Sukabumi Update

DPRD Sukabumi Nilai Konten Cikgu Ucan Kurang Beradab, Berpotensi ke Arah Eksploitasi

Ketua Komisi IV DPRD Kabupaten Sukabumi, Ferry Supriyadi | Foto : Farhan/Sukabumiupdate.

SUKABUMIUPDATE.com - DPRD Kabupaten Sukabumi menanggapi serius viralnya konten guru yang dikenal dengan nama Cikgu Ucan yang diduga mengandung unsur child grooming. Ketua Komisi IV DPRD Kabupaten Sukabumi, Ferry Supriadi, menilai konten tersebut kurang beradab dan berpotensi menimbulkan relasi toxic hingga eksploitasi terhadap murid.

Ferry mengatakan, berdasarkan sejumlah potongan video yang ia cermati, posisi guru sejatinya tidak hanya sebagai tenaga pengajar, tetapi juga sebagai wali kelas dan wali siswa. Dalam peran tersebut, guru wajib memposisikan diri sebagai orang tua pengganti selama jam sekolah. 

“Guru itu kan sebagai wali kelas, selain itu wali siswa. Jadi guru harus memposisikan diri menjadi orang tua di jam sekolah sebagai pengganti orang tua di rumah,” ujarnya kepada sukabumiupdate.com, Minggu (8/2/2026).

Baca Juga: Sama dengan 1 Kg Telur, Menkes: Suami Beli Rokok tapi Tak Beri Uang Belanja, Jewer!

Ia menegaskan, dalam konteks budaya ketimuran dan masyarakat yang mayoritas beragama Islam, relasi antara guru dan murid harus dijaga dengan batasan yang jelas. Menurutnya, dari beberapa potongan video yang beredar, muncul beragam tafsir di ruang publik, terutama dari sisi etik. Ferry menilai, child grooming dapat membentuk hubungan yang tidak sehat dan berisiko eksploitasi di kemudian hari.

Ferry secara khusus menyoroti konten dengan judul “jodohku ternyata muridku” yang menurutnya sudah masuk kategori berlebihan dan tidak pantas ditampilkan oleh seorang tenaga pendidik. Ia menilai, meskipun konten tersebut diklaim sebagai candaan, namun secara etik tidak mencerminkan nilai pendidikan. “Menurut saya tindakan seperti ini walaupun mungkin ada unsur bercanda, tapi secara etik itu kurang beradab, kurang pas, dan kurang mendidik,” katanya.

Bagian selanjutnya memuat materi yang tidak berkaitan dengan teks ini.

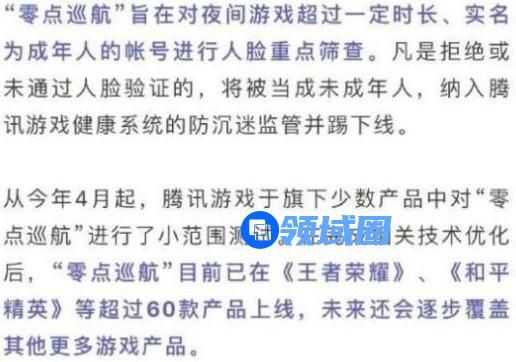 简单来说,腾讯新上线的零点巡航功能是为了限制未成年人冒用成年人身份在夜间偷玩游戏的问题,防止未成年人过度沉迷游戏从而影响休息和学业问题。零点巡航旨在对夜间游戏超过一定时长、实名为成年人的帐号进行人脸重点筛查。如果没有通过验证或者拒绝验证的话就会被强制下线的。目前不止王者荣耀、和平精英被限制,此外还有近60款腾讯游戏已经正式上线了零点巡航功能。

Lebih lanjut, ia menekankan bahwa tenaga pengajar seharusnya mampu memberikan contoh yang lebih baik dan beradab kepada siswa. Ferry menilai, bentuk-bentuk interaksi seperti pegangan tangan yang ditampilkan dalam konten tidak hanya bertentangan dengan nilai keislaman, tetapi juga berpotensi menimbulkan persepsi negatif di masyarakat.

Baca Juga: Senapan Angin PCP Kaliber 4,5 Mm Jadi Barang Bukti Kasus Anak Tertembak di Sukabumi

“Islam tidak membolehkan, ini menjadi sesuatu yang tidak baik ketika diimplementasikan dalam bentuk seperti itu karena akan menimbulkan persepsi beragam, salah satunya tidak mendidik, toxic, dan rentan eksploitasi,” ucapnya.

Terkait langkah penanganan, Ferry menyampaikan bahwa Dinas Pendidikan Kabupaten Sukabumi bersama sejumlah elemen terkait telah turun tangan menyikapi persoalan tersebut. Ia berharap dinas memiliki standar yang lebih tegas mengenai batasan relasi antara guru dan murid, baik sebagai pengajar maupun wali siswa.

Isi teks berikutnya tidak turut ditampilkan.